In a heat engine, we take a quantity of heat from a hot reservoir, reducing the latter's entropy by $Q_i/T_i$ in the process, but find that, if we have a colder reservoir at $T_o<T_i$ we only have to "give back" $Q_o<Q_i$ to the cold reservoir to offset the entropy drop in the hot reservoir, so we get to "keep" energy $Q_i - Q_o > 0$ for doing work with. In biological reactions, the most comparable process to this is that of photosynthesis, where the "working fluid" of light at thermodynamic equilibrium at $6000{\rm K}$ is converted to "stored work" in sugars and, ultimately, ATP, dumping excess heat at ambient temperature $300{\rm K}$ in the process. Thenceforth, all living things use this low-entropy energy store rather like an electric motor converting energy stored in a capacitor, whether it be plants using it for their own life process, or herbivores accessing it through eaten plants or carnivores accessing it through eaten plant eaters.

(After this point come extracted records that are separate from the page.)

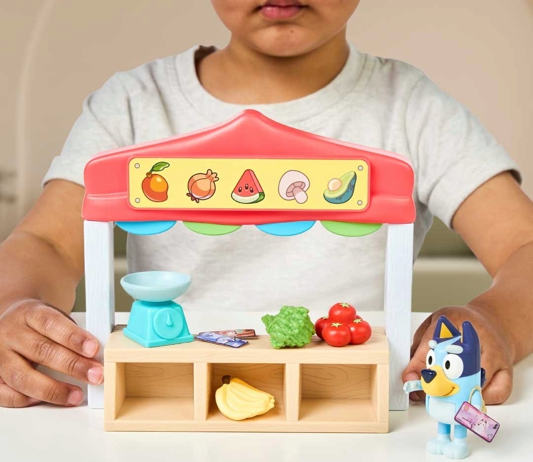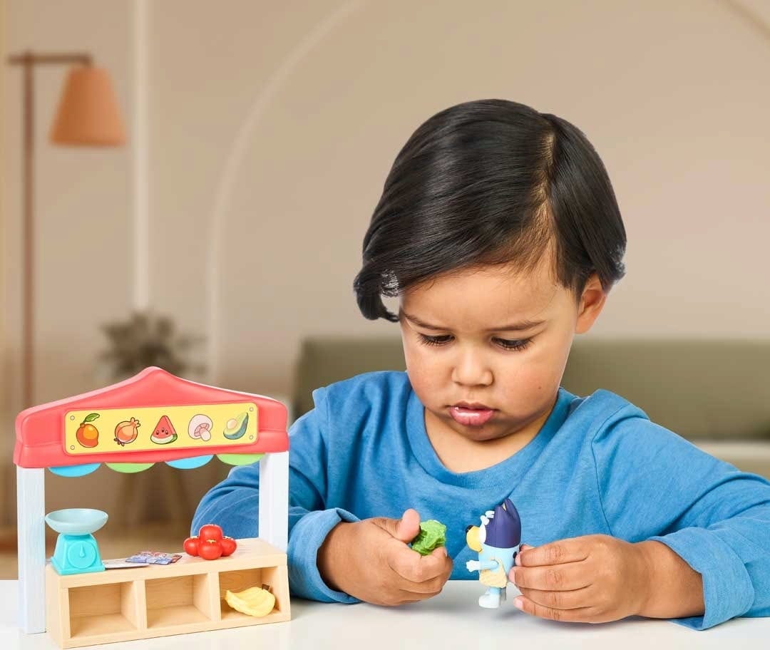 Das Set ist perfekt auf die motorischen Fähigkeiten von Vorschulkindern zugeschnitten und fördert durch Rollenspiele die Fantasie. Dank der Kompatibilität mit anderen Bluey-Figuren lässt sich der Marktbesuch beliebig erweitern. Ein bunter Stickerbogen sorgt zudem für individuellen Gestaltungsspaß beim Aufbau.
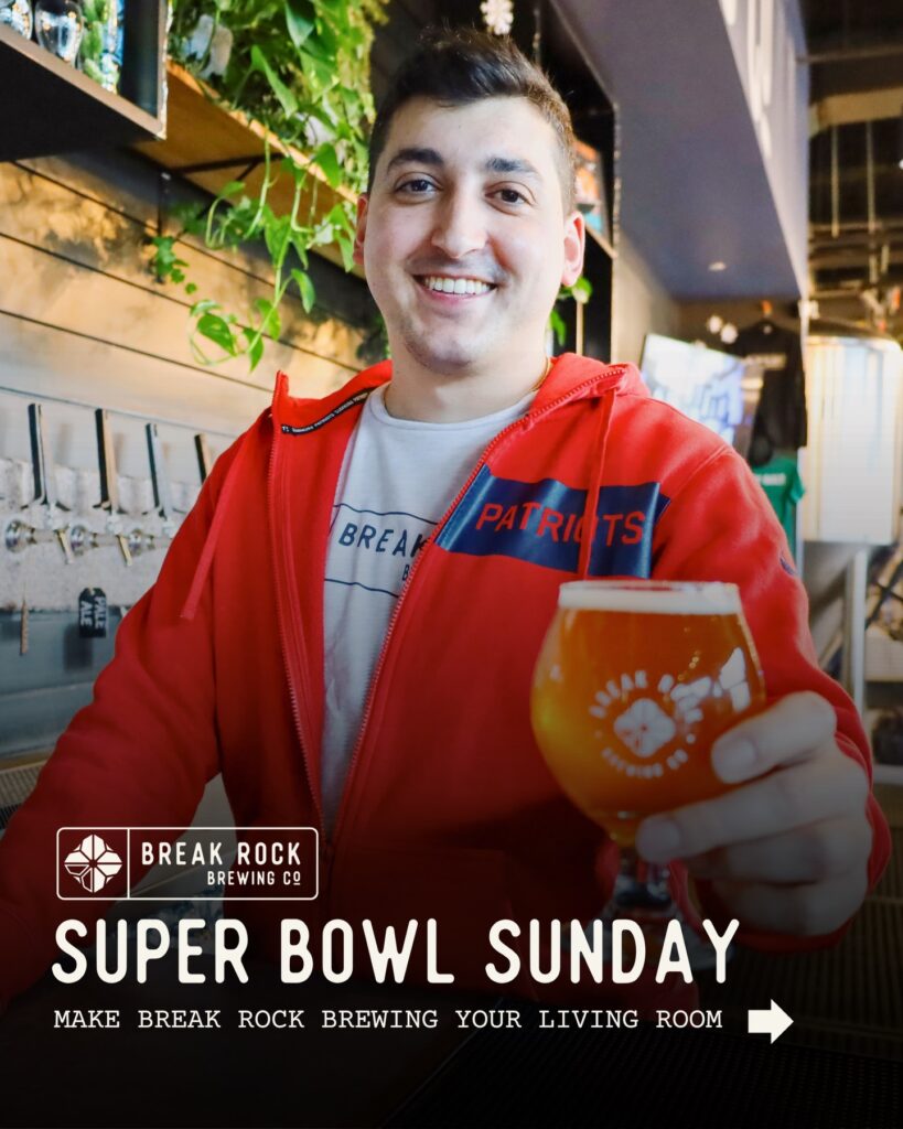 We all we got. We all we need. And on Sunday… we got the game. Make Break Rock Brewing your living room for Super Bowl Sunday, Feb 8. Kickoff at 6:30 PM, free wings while they last, and zero judgment if you yell at the TV. Bring your favorite game time snacks, grab a beer at the bar, and settle in as the Pats take on the Seahawks — on 8 TVs with full audio. This is your couch, just with better beer. Giveaways: • $25 gift card for the most spirited Pats fan • $25 gift card for the best-dressed pup Super Sunday Funday Schedule: • 11:00 AM – WAGS of the NFL Sculpt Class (ticketed, pre-reg required) • 12:00 PM – Open to the public • 1:00–6:00 PM – Sandwich Boy food pop-up • 3:00–6:00 PM – Free live music • 6:00 PM – Pregame on eight taproom TVs with audio • 6:30 PM – Super Bowl LIVE with audio + FREE WINGS (while they last) • 10:30 PM/End of Game – Close Living room rules apply. No reservations accepted. But, if you would like to reserve our gameroom (50 person capacity) for the game, email [email protected]. Let’s go PATS! #pats #weallwegot #weallweneed #drakedrakemayemaye #superbowl
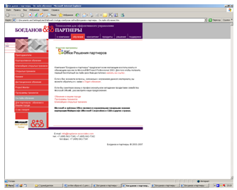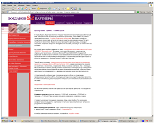 Дизайн сайта (рис № 1.1-1.3.) средненький, но очень удобный, захватывает своим подробным и лёгким обучением таких необходимых и распространнёх программ в наше время, CorelDraw, word. Сайт занимается он-лайн обучением таких услуг как: html, excel, word, свой сайт, графика и т.д. Предлагают уроки по обучению данных программ, показывают примеры и так же разрешают скачивание программ? Также предлагаются возможности в правом верхнем углу, возможность купить книгу по данной программе. Сайт он-лайн обучения Рис 1.1. www.bogdanov-associates.com

So the plants and their solar energy fixing are the component of the biosphere most comparable to a heat engine in a power station; the plant metabolic processes and animals that eat plants and each other to get access to stored energy in plants are more like the electrical appliances that use the work extracted by the power plant, with very little temperature change.

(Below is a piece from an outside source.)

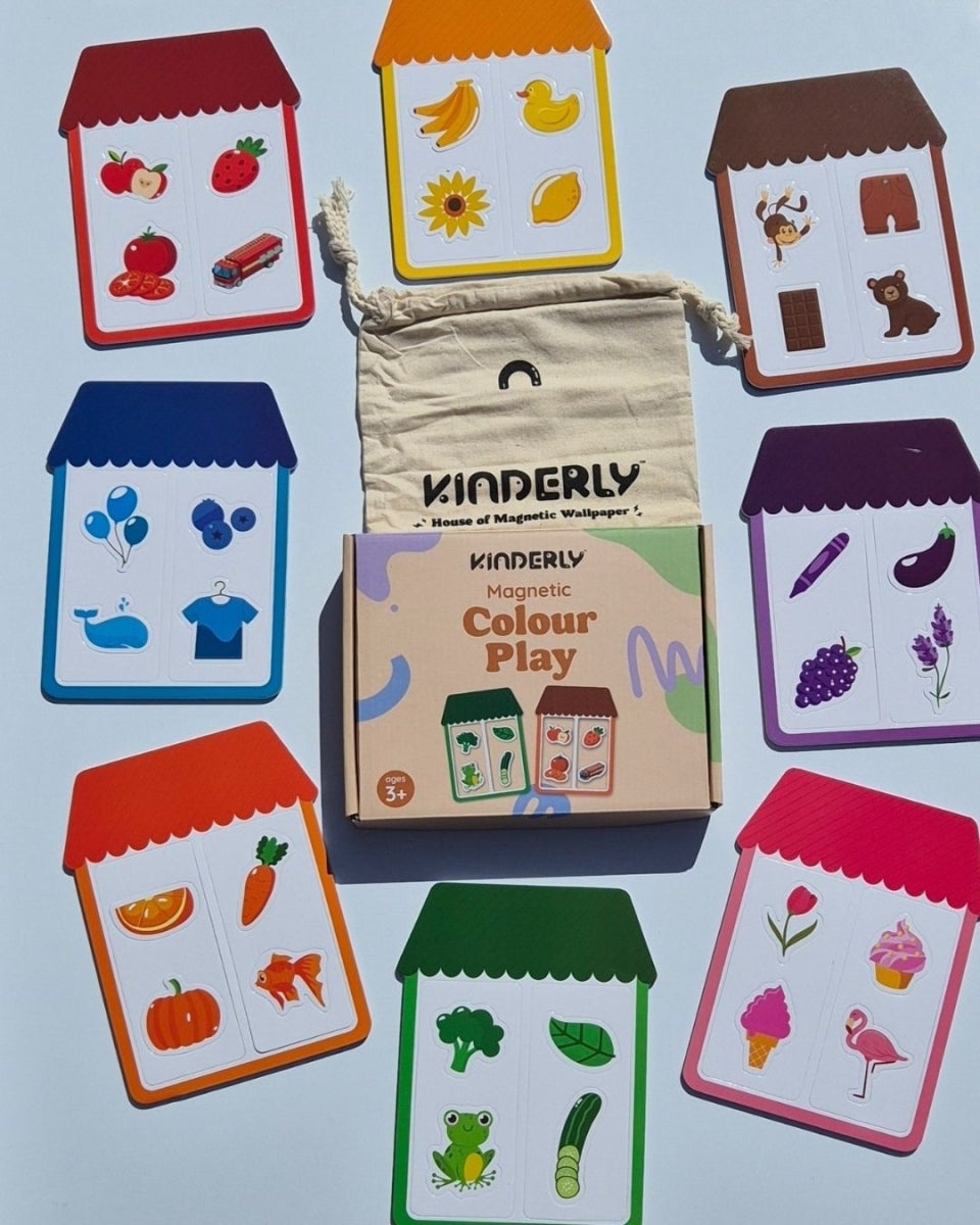 Welk figuurtje past in welk huisje? Dankzij het magnetisch kleurenspel van Kinderly kan je mini de kleuren op een speelse manier leren, oefenen en leren sorteren. Gebruik het spel in combinatie met de magnetische muurstickers van hetzelfde merk.
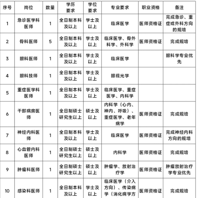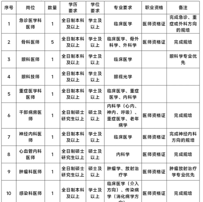 医院2026年第一季度急需岗位社会用工招聘医疗、医技、护理等岗位27人,各岗位详细信息如下:

3. Proteins Denature at Roughly $50{\rm C}$
For any animal process that could be considered to be like a heat engine, the maximum intake temperature can be at most a few or at most a few tens of degrees kelvin above ambient. This is because biological machinery is fatally damaged by temperatures much higher than $40{\rm C}$. Proteins denature and lose their vital life functions at very low temperatures. So if there are any processes in life that can be thought of as reasonably analogous to heat engines, we would foresee their efficiencies to be very low, since the theoretical efficiency is of the order of $3\%$ given this limit.
An interesting exception to my point 3 comes up in deep sea life living near hydrothermal vents. John Rennie writes:
so we have creatures dwelling in $100{\rm C}$ and over environments and the opportunity to dump heat into the surrounding sea at much lower temperatures. However, my understanding is that these creatures still use the chemical energy from what they can extract from the volcanic vents, rather than working as heat engines taking advantage of the temperature drop.